Problem details: Would you reproduce exactly the lines below from the one holding "for the HST." through the one holding "国際標準ガイドラインNIST", inclusive, and no others?

Data section:
☆ ☆ ☆ ☆ ☆ ☆ ☆
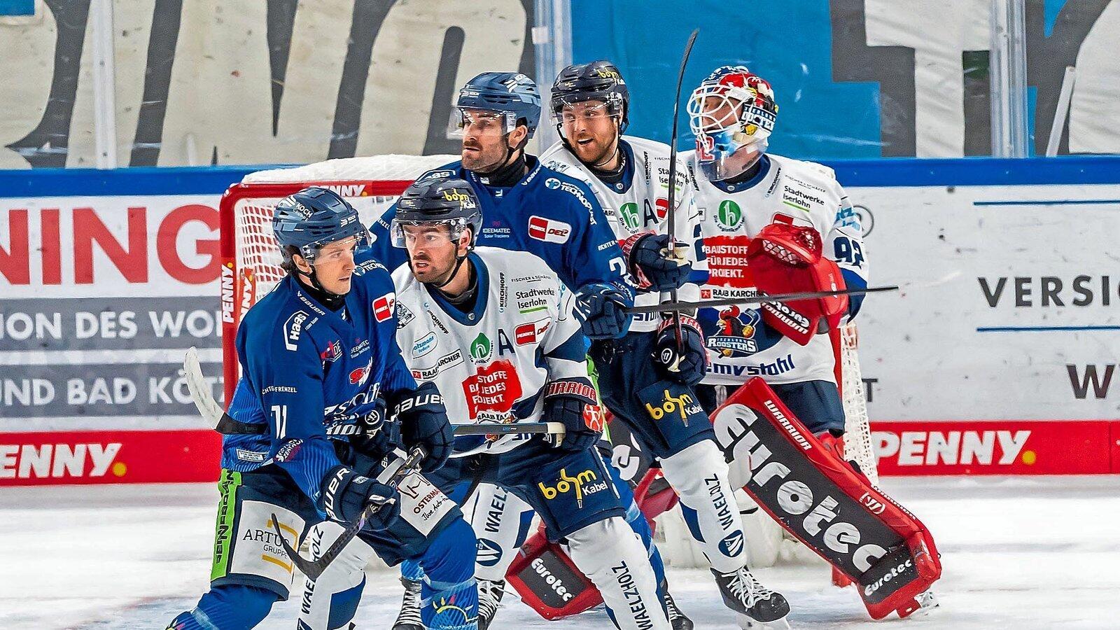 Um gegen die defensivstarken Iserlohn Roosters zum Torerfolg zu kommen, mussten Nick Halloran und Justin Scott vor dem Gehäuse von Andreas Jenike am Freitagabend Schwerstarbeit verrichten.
☆ ☆ ☆ ☆ ☆ ☆ ☆
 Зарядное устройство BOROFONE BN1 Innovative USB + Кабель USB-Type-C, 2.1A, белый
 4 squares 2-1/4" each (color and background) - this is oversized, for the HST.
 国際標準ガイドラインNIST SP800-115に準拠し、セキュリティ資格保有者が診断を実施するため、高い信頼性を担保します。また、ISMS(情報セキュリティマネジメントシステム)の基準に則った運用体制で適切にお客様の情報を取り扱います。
☆ ☆ ☆ ☆ ☆ ☆ ☆
Result below:
 4 squares 2-1/4" each (color and background) - this is oversized, for the HST.
 国際標準ガイドラインNIST SP800-115に準拠し、セキュリティ資格保有者が診断を実施するため、高い信頼性を担保します。また、ISMS(情報セキュリティマネジメントシステム)の基準に則った運用体制で適切にお客様の情報を取り扱います。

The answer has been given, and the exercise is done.